● Requirement
For the material below, the expected output is exactly the lines between the line holding "为深入推动麻城市大中小学思政" and the line holding "Una lunga vecchia", inclusive, with pictures left out.

☆ ☆ ☆

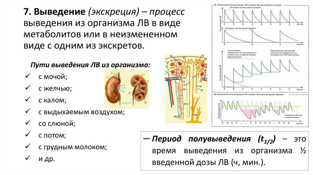 7. Выведение ЛВ и их метаболитов
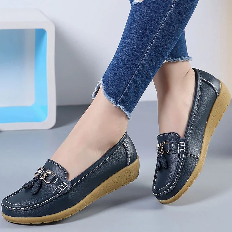 Special Offer Boat shoes women fashion sneakers genuine leather shoes tassel fringe casual shoes round toe plus size 35 44 ladies flat Discount 60% Today!
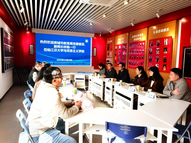 为深入推动麻城市大中小学思政课一体化建设,11月28日上午,麻城市教育局党委委员、副局长林魁、麻城市教育局基础教育股负责人赵咏芳、麻城市第一高级中学副校长左希利、麻城市教育局基础教育股干事秦沛玲、麻城市第十小学书记李伟霞、麻城市第六初级中学教务主任项金锋、蕲春县教育局党组成员、副局长李向阳等到国产视频 调研。学院党委书记吕洪雁、副院长王飞、邱国勇教授、廖宇婧副教授、定光莉、王荣、李云龙、王艳梅等教师代表参加了调研。
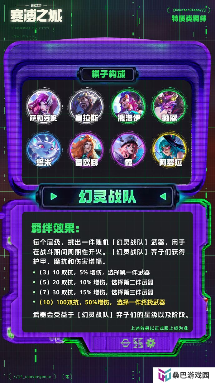 每个层级,挑出一件随机【幻灵战队】武器,用于在战斗期间周期性开火。【幻灵战队】弈子们获得护甲、魔抗和伤害增幅。
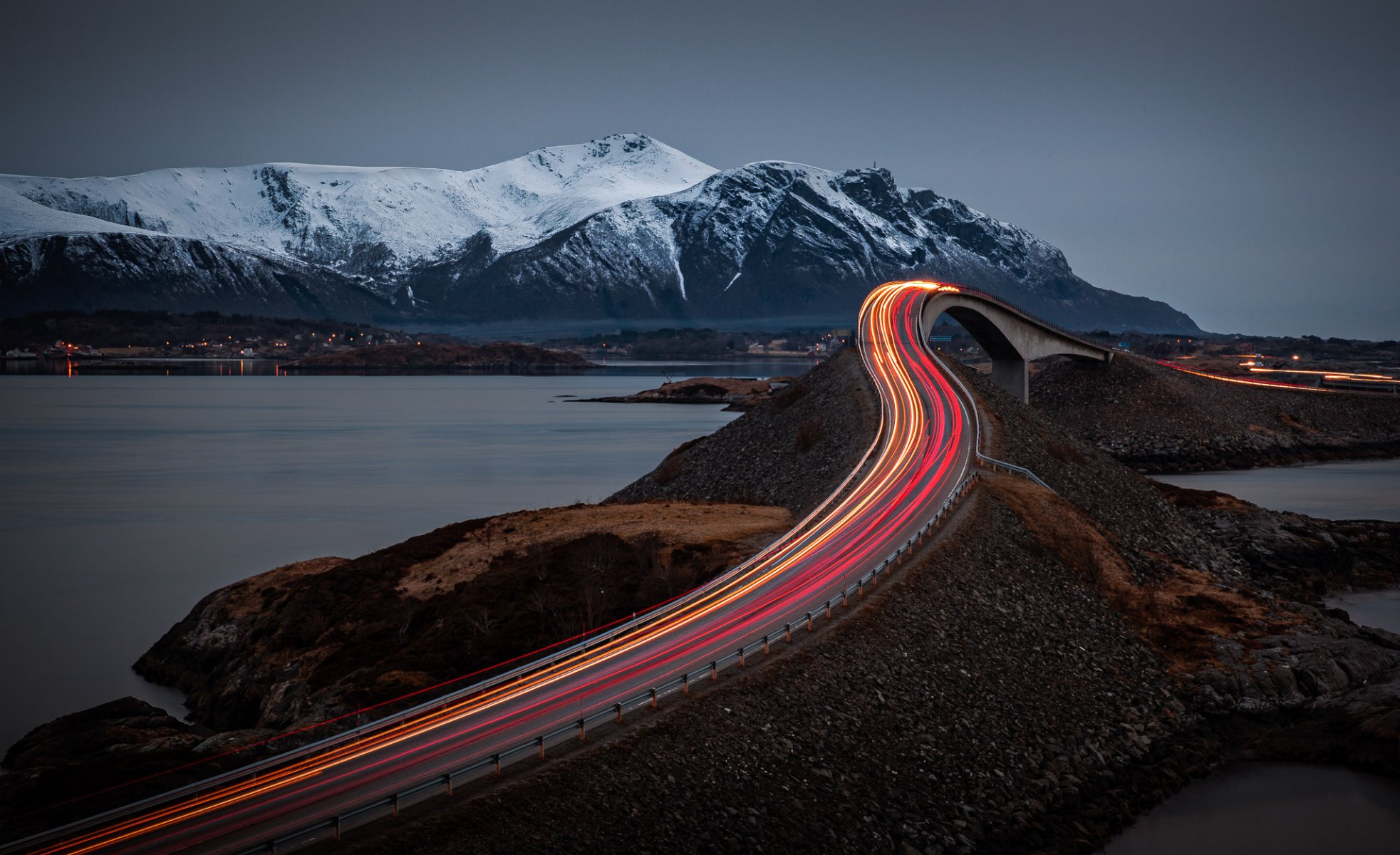 Una lunga vecchia scala in legno con ringhiera si estende attraverso la cima della montagna
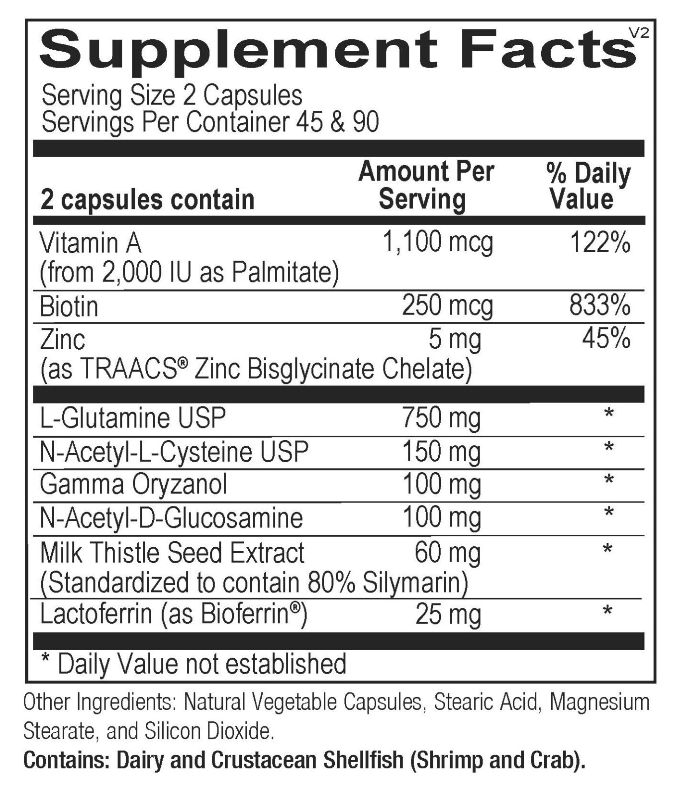 L-Glutamine L-glutamine is an amino acid which serves as a primary source of fuel for the small intestines. Epithelial cells in the small intestines (enterocytes) use L-glutamine as their metabolic fuel which helps maintain mucosal growth, structure, and function. Gamma Oryzanol Gamma oryzanol is a natural component of rice bran oil. It is a mixture of ferulic acid esters of sterol and triterpene alcohols. Rice bran oil includes about 1-2% gamma oryzanol, which it functions as a highly effective antioxidant in the GI tract. N-Acetyl Glucosamine N-acetyl glucosamine is the acetylated form of glucosamine. N-acetyl glucosamine is a mucin precursor and has been shown to increase the production of mucus within the GI tract. Lactoferrin Lactoferrin is a glycoprotein that is naturally found in colostrum. It helps maintain normal microbial and inflammatory balance in the GI tract. Silymarin (Milk Thistle Seed Extract) Milk thistle (Silybum marianum) is an annual plant indigenous to Europe and the United States and has been used for centuries as an herbal medicine to boost liver function. N-Acetyl Cysteine N-acetyl cysteine (NAC) is a sulfyhydryl containing amino acid that is commonly used to support liver and gut health. Micronutrient Blend Mucosagen includes the synergistic nutrient combination of zinc, vitamin A, and biotin, which are crucial for supporting GI health.
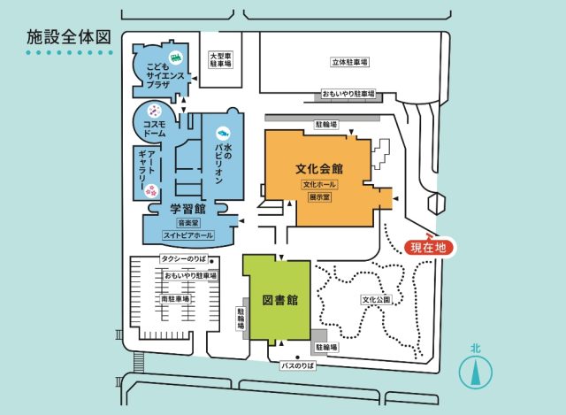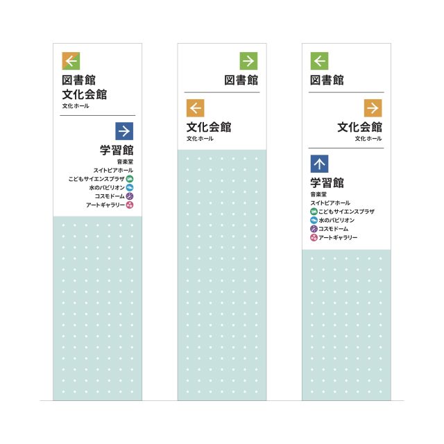 各所のご案内は、統一された色を採用。 子ども達が集まる施設や、プラネタリウム、アートギャラリーなどには、ピクトグラムを設定して、色と形の両面でご案内しています。 |
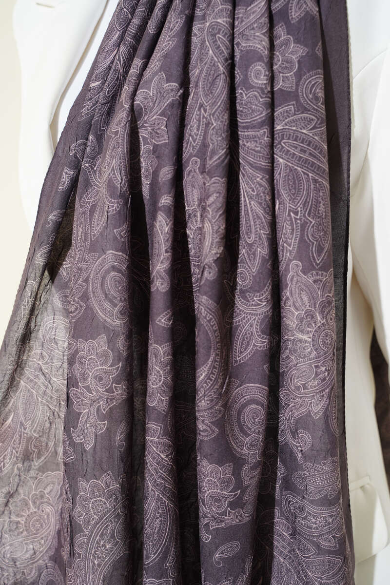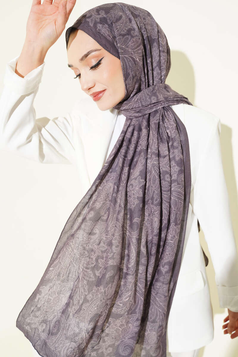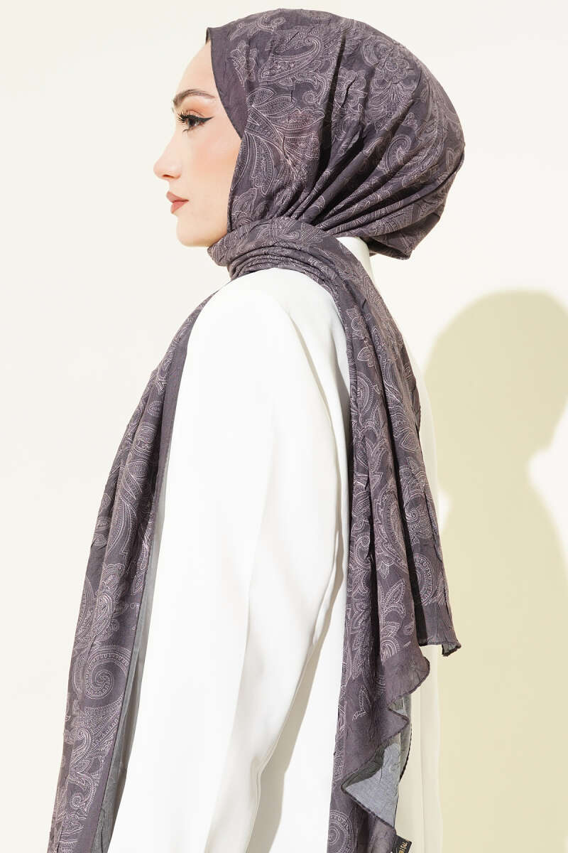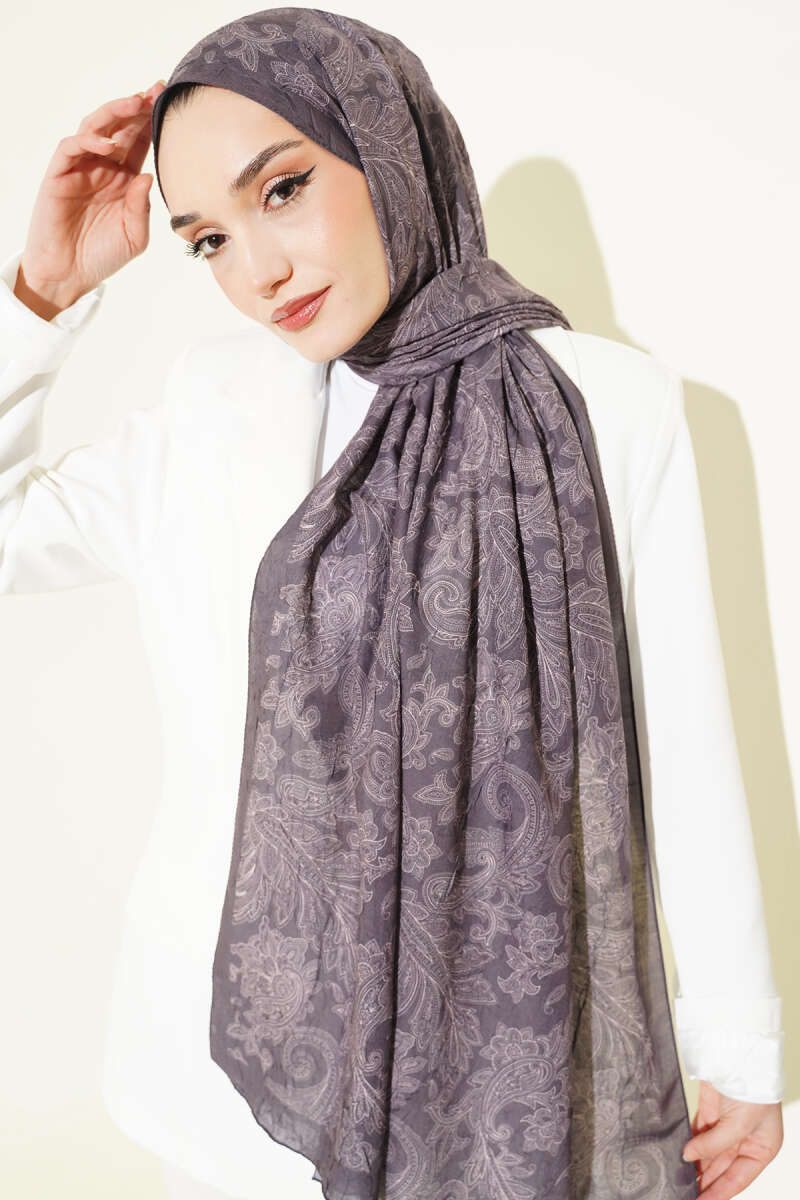 Şerit Geçişli Desenli Bambu Eşarp Füme
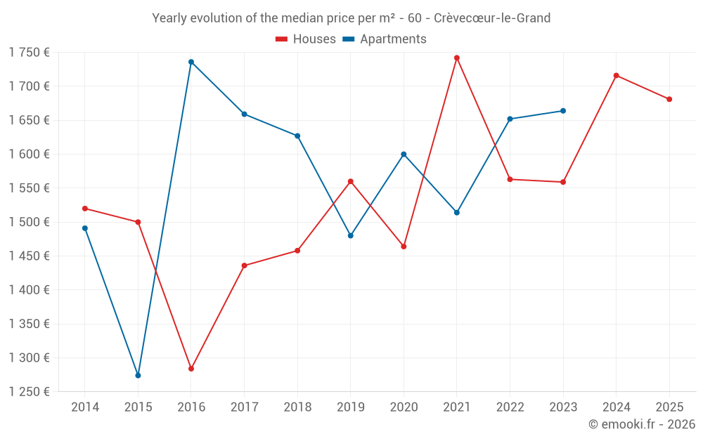The median price on the 27 house transactions of the last 12 months in the municipality of Crèvecœur-le-Grand was 1 747 € per square meter for a median property value of 145 000 €. Over this period, 60% of transactions were between 1 124 and 2 187 € per square meter (from the 2nd to the 8th deciles).
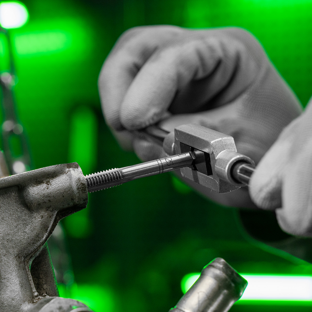 • Прочность и долговечность — метчики изготовлены из высокоуглеродистой легированной стали 9ХС, устойчивой к повышенным нагрузкам.
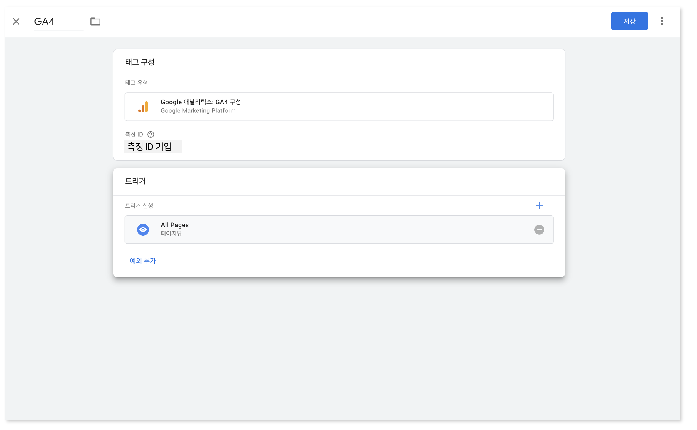 태그의 측정 ID 영역에 Google Analytics 4(GA4)에서 복사해 온 측정 ID를 입력합니다.

☆ ☆ ☆

● Answer box
 为深入推动麻城市大中小学思政课一体化建设,11月28日上午,麻城市教育局党委委员、副局长林魁、麻城市教育局基础教育股负责人赵咏芳、麻城市第一高级中学副校长左希利、麻城市教育局基础教育股干事秦沛玲、麻城市第十小学书记李伟霞、麻城市第六初级中学教务主任项金锋、蕲春县教育局党组成员、副局长李向阳等到国产视频 调研。学院党委书记吕洪雁、副院长王飞、邱国勇教授、廖宇婧副教授、定光莉、王荣、李云龙、王艳梅等教师代表参加了调研。
 每个层级,挑出一件随机【幻灵战队】武器,用于在战斗期间周期性开火。【幻灵战队】弈子们获得护甲、魔抗和伤害增幅。
 Una lunga vecchia scala in legno con ringhiera si estende attraverso la cima della montagna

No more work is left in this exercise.